Entertaining that possibility is a marked shift from the U.K.’s past stance on the matter—Johnson himself described it as “one of the biggest changes in our visa system in British history.”

The British government has long been reluctant to convert these passports to full citizenship, in part because—the government has said—it would violate the terms of the handover. “I know what BNO stands for, it stands for Britain says no,” Lord Paddy Ashdown, former leader of the U.K.’s Liberal Democrats party, joked in 2017.

Johnny Patterson, director of the London-based nonprofit, Hong Kong Watch, called the BNO policy shift “a strong diplomatic statement.”

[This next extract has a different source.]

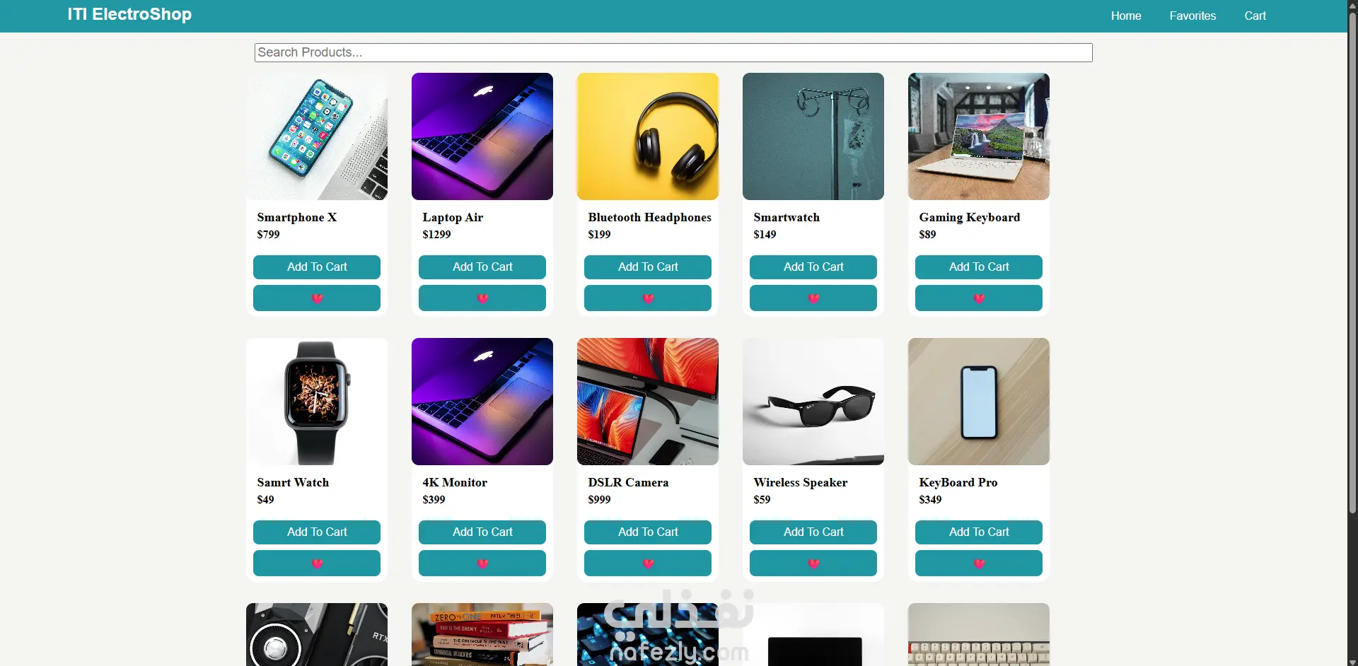 موقع متجر إلكتروني متكامل لعرض وبيع المنتجات الإلكترونية، تم تطويره كجزء من تدريبي في مسار Full-Stack .NET. يركز المشروع على تجربة مستخدم سهلة وسريعة مع تصميم عصري ومتجاوب مع جميع الأجهزة.
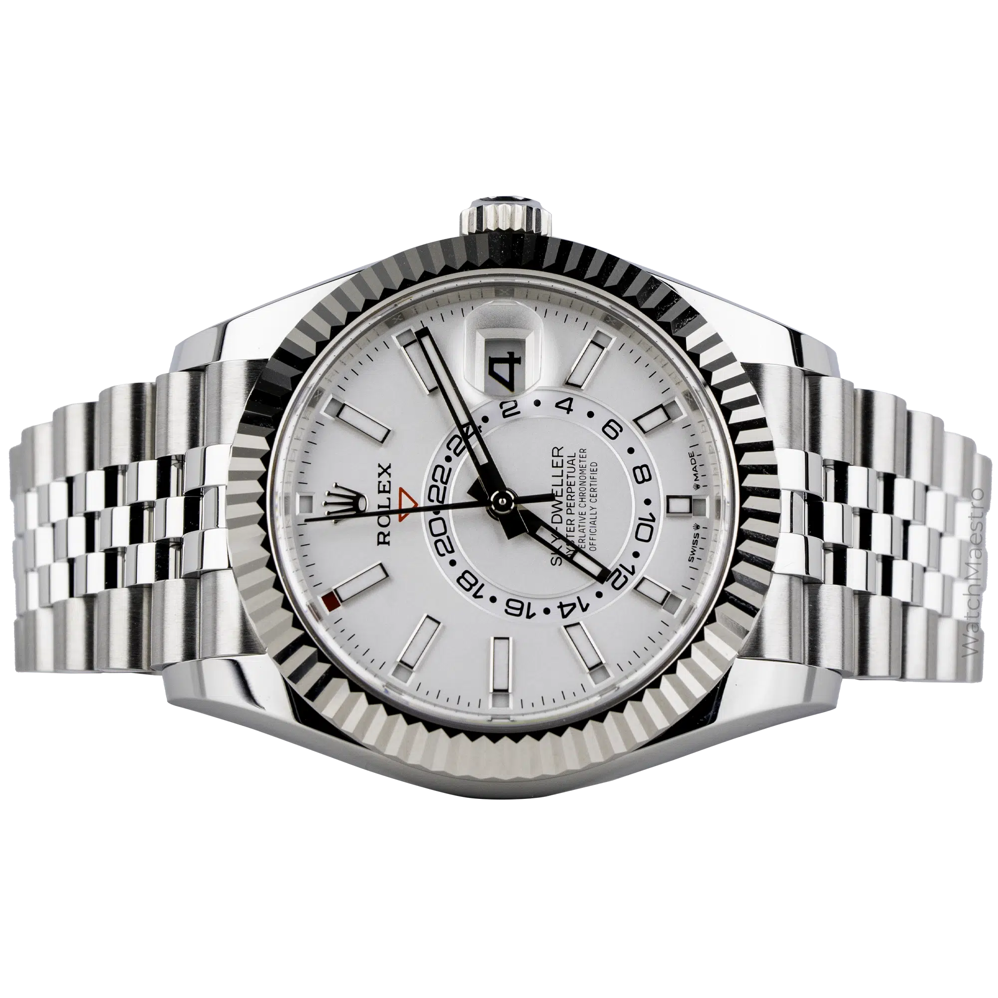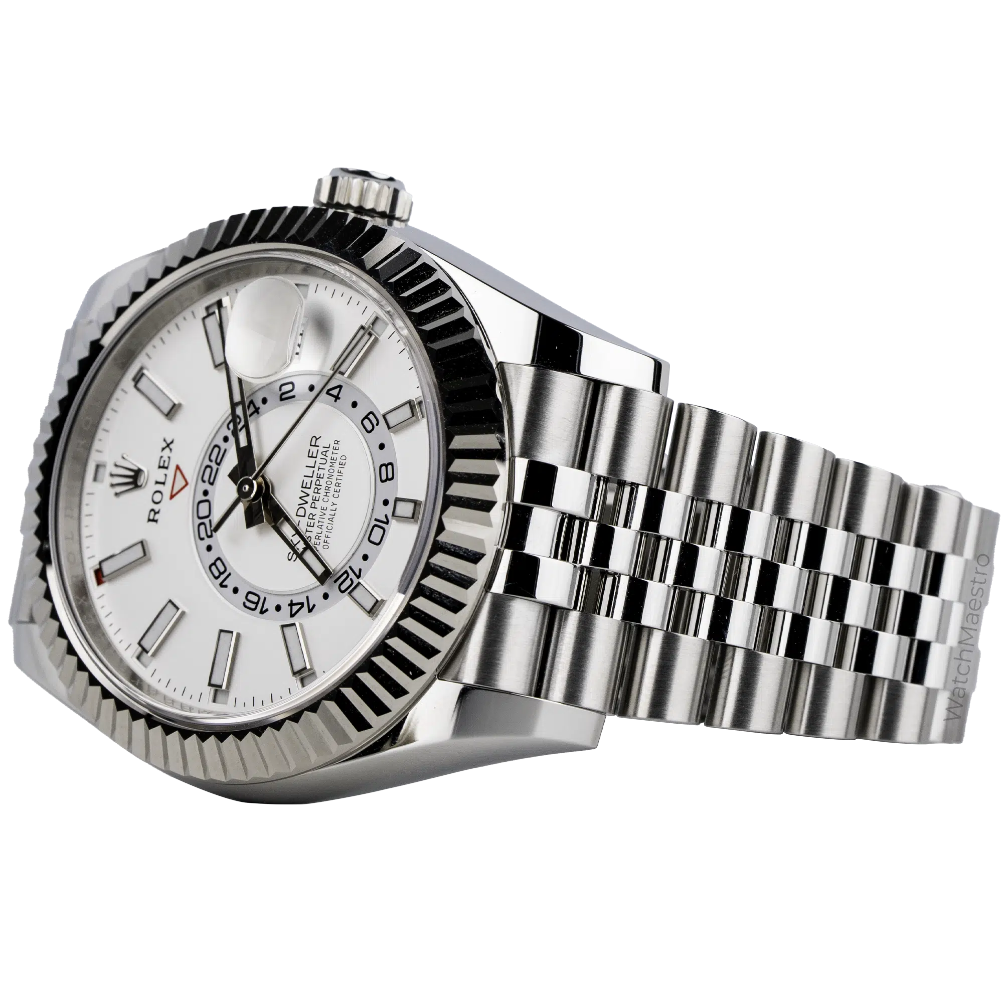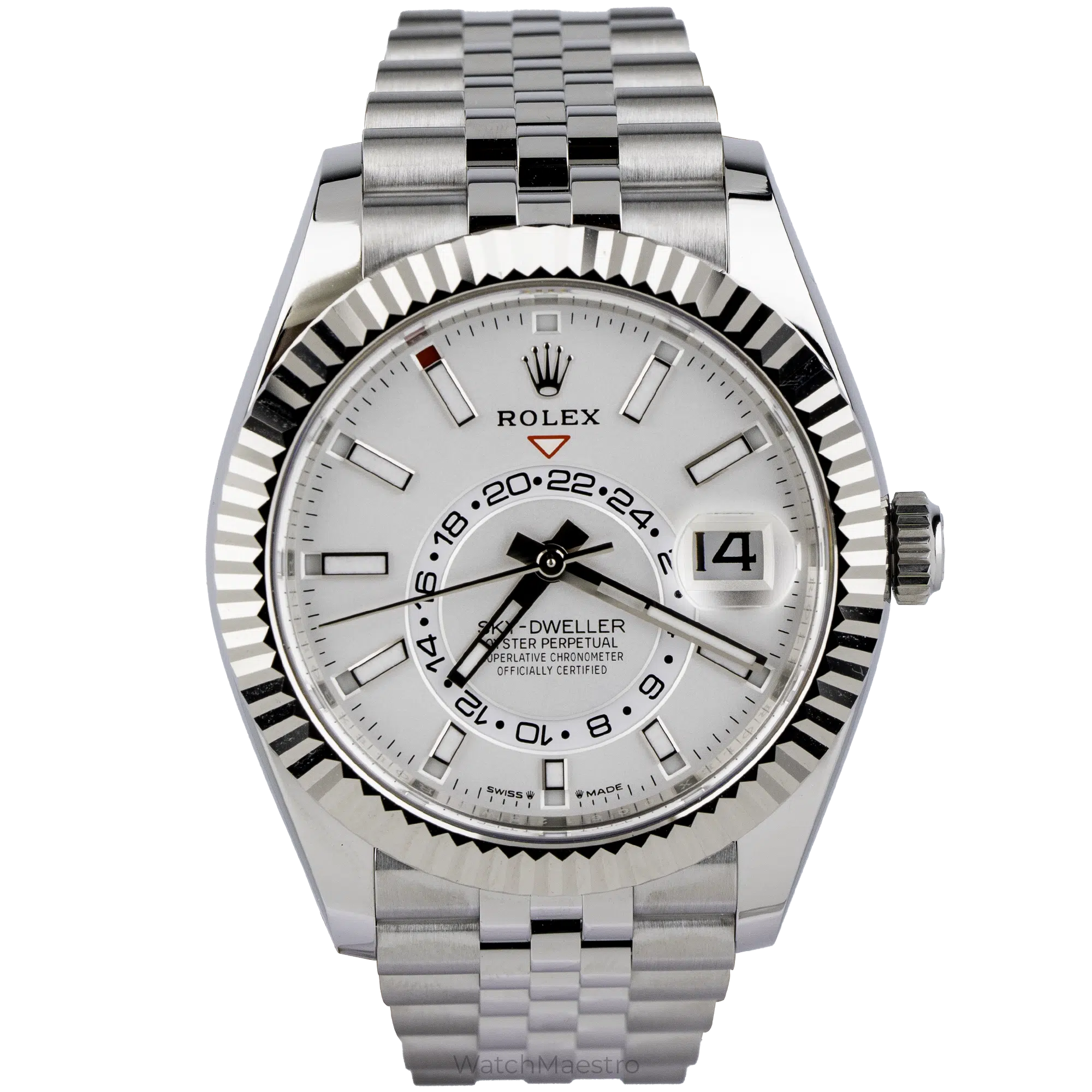 ساعة رولكس سكاي-دويلر، إحدى أكثر ساعات رولكس تعقيدًا على الإطلاق، متوفرة الآن بميناء أبيض ساحر. علبتها المصنوعة من الفولاذ المقاوم للصدأ بقطر 42 مم، ومُحاطة بسوار جوبيلي. كما تتميز هذه الساعة من رولكس، رقمها المرجعي 336934، بإطار مُخدّد من الذهب الأبيض. تم شراؤها عام 2025، وهي لا تزال جديدة كليًا، وتأتي مع علبتها وأوراقها، مما يؤكد أصالتها.

Steve Tsang, a historian of modern China and Hong Kong and the director of the SOAS China Institute at the University of London, said the BNO proposal was “a gesture.”

“In reality it doesn’t amount to very much…but what it does show is that the government is willing to consider options to show the Chinese government that the U.K. will try to do something about [the law],” Tsang said.

Responding to Beijing’s moves in Hong Kong is a “very difficult balancing act” for the U.K., Tsang said. “The reality is that with COVID-19 and the U.K. getting out of the [European Union], economically the U.K. feels very vulnerable, and you really don’t want to be antagonizing any potential friends who could be economically helpful.”

Chris Patten, the last colonial governor of Hong Kong, told the Times last week that the U.K. has a moral duty to oppose the national security law, and hit back at the idea of a political and economic trade-off.

“We keep on kidding ourselves that unless we do everything that China wants we will somehow miss out on great trading opportunities. It’s drivel.” Patten said. “The British government should make it clear that what we are seeing is a complete destruction of the joint declaration.”